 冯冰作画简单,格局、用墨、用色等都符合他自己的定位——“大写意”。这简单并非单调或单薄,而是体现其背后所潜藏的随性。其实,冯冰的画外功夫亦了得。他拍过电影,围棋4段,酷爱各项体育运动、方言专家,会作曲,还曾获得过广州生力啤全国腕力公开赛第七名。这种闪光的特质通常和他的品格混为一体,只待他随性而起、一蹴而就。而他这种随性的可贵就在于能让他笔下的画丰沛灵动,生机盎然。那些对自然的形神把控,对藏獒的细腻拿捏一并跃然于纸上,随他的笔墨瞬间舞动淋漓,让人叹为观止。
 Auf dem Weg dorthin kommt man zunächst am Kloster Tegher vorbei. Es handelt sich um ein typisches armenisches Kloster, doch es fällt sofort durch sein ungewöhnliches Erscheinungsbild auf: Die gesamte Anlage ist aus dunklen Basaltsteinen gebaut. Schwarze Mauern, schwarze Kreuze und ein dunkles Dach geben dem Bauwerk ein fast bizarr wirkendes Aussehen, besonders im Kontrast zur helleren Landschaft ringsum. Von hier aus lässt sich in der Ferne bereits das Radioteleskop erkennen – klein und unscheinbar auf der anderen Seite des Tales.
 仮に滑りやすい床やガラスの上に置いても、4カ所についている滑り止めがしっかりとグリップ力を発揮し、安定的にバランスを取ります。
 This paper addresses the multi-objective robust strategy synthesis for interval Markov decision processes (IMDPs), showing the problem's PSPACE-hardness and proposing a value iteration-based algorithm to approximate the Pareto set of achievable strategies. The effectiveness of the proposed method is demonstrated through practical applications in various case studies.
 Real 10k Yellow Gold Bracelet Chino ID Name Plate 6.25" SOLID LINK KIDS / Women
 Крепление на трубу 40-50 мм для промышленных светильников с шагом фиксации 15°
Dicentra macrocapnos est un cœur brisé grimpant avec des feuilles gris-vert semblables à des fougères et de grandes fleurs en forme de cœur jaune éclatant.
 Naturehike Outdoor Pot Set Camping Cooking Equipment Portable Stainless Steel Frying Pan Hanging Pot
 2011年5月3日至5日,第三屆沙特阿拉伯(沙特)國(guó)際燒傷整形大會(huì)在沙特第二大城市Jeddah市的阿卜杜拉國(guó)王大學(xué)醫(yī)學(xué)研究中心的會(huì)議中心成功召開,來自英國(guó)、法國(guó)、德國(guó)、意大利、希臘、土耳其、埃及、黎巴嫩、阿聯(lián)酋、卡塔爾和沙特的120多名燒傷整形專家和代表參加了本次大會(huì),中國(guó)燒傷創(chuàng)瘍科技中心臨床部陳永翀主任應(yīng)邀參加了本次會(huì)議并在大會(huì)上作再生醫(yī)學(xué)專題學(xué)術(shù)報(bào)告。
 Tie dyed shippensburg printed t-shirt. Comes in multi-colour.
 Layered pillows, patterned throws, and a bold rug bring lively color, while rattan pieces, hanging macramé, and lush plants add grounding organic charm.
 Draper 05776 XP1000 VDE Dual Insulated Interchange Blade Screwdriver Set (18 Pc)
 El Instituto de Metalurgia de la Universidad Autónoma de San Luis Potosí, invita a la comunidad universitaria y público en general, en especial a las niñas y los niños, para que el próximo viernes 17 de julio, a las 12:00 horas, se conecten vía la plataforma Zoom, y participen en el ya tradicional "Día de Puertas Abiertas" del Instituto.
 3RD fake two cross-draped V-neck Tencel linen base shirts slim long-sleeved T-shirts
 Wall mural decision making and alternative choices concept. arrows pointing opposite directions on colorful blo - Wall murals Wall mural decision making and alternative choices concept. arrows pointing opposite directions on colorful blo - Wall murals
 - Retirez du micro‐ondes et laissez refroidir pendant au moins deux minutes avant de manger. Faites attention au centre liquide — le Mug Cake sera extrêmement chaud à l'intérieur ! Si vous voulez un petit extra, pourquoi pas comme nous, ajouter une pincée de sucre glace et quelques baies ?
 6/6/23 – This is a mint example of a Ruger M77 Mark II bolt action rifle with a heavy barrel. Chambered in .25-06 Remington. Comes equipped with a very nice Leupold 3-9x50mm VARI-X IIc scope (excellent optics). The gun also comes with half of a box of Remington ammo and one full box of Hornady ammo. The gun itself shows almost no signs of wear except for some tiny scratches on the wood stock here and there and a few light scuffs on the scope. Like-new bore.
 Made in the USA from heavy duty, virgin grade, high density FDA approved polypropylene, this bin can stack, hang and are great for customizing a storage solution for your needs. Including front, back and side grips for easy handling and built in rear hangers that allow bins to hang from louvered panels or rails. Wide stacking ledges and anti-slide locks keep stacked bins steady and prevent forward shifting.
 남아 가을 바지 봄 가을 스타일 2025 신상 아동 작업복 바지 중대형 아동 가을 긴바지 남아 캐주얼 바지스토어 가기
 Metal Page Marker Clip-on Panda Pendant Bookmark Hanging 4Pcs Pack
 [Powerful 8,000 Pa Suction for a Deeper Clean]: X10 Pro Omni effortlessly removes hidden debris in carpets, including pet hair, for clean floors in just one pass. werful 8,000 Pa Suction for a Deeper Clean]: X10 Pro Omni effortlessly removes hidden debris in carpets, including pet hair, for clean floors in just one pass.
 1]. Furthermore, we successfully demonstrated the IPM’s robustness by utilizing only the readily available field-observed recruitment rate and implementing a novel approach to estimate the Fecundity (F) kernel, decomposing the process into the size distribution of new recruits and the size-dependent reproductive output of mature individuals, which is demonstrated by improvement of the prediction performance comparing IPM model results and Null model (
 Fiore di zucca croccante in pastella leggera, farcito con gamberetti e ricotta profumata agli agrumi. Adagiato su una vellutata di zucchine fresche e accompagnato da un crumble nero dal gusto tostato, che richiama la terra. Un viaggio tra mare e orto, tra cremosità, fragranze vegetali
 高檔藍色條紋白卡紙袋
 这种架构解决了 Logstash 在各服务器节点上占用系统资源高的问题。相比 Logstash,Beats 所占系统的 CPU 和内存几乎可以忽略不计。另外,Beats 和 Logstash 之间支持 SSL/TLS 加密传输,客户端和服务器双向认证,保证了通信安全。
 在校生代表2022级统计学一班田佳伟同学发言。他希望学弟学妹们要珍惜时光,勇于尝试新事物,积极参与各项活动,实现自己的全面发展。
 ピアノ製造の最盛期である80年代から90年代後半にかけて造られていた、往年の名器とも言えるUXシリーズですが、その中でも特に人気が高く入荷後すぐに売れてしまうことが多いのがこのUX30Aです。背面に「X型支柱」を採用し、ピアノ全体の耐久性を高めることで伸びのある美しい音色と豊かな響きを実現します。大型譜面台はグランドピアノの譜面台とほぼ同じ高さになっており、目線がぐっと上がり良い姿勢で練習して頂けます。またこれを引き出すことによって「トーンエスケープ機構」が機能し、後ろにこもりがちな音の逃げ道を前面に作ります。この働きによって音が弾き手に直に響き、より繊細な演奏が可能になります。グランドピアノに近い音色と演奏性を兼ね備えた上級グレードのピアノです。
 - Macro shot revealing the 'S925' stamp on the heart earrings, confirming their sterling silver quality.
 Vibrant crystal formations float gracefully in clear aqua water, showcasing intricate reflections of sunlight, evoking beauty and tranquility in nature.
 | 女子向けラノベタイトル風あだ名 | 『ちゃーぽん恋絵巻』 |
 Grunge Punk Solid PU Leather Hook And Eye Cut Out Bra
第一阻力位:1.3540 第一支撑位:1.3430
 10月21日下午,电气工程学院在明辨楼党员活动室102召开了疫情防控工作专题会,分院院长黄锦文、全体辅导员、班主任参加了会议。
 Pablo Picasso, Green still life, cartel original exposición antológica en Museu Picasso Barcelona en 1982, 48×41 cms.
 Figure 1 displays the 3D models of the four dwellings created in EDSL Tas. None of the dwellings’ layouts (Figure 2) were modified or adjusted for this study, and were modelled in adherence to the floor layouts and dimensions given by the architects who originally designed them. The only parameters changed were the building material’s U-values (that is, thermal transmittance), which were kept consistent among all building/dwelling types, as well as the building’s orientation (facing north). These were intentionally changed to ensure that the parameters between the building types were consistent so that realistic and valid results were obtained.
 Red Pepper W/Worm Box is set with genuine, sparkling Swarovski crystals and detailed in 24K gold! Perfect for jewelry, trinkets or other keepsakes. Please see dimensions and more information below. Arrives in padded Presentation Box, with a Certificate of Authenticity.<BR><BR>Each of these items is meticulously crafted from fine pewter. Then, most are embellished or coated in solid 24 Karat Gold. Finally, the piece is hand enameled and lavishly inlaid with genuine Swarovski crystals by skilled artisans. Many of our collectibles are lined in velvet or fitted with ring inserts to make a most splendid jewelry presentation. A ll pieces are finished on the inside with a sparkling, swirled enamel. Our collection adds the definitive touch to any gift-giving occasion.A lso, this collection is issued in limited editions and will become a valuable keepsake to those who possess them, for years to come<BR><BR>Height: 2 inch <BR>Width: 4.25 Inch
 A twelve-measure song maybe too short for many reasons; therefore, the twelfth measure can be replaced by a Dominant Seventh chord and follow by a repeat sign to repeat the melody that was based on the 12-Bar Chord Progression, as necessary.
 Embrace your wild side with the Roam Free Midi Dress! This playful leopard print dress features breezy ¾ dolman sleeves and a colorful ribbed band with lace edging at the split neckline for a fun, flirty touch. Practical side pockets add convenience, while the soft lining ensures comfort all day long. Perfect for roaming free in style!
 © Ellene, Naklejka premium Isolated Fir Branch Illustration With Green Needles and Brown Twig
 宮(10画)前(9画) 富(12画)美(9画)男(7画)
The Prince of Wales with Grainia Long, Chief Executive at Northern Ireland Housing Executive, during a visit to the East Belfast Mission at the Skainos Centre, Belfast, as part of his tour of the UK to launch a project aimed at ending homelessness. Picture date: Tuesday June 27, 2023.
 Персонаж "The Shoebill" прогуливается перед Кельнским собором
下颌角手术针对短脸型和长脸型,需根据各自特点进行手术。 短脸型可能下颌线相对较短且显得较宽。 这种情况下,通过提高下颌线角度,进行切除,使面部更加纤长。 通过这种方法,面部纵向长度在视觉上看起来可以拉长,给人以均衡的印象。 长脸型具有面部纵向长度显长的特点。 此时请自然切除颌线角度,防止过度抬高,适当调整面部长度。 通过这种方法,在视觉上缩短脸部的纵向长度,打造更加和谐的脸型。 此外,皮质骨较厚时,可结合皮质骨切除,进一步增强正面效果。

Task details: Exactly the lines above from the one with "남아 가을 바지 봄 가을" to the one with "Metal Page Marker", both included, are to be quoted; leave the rest out.

Output for this exercise:
 남아 가을 바지 봄 가을 스타일 2025 신상 아동 작업복 바지 중대형 아동 가을 긴바지 남아 캐주얼 바지스토어 가기
 Metal Page Marker Clip-on Panda Pendant Bookmark Hanging 4Pcs Pack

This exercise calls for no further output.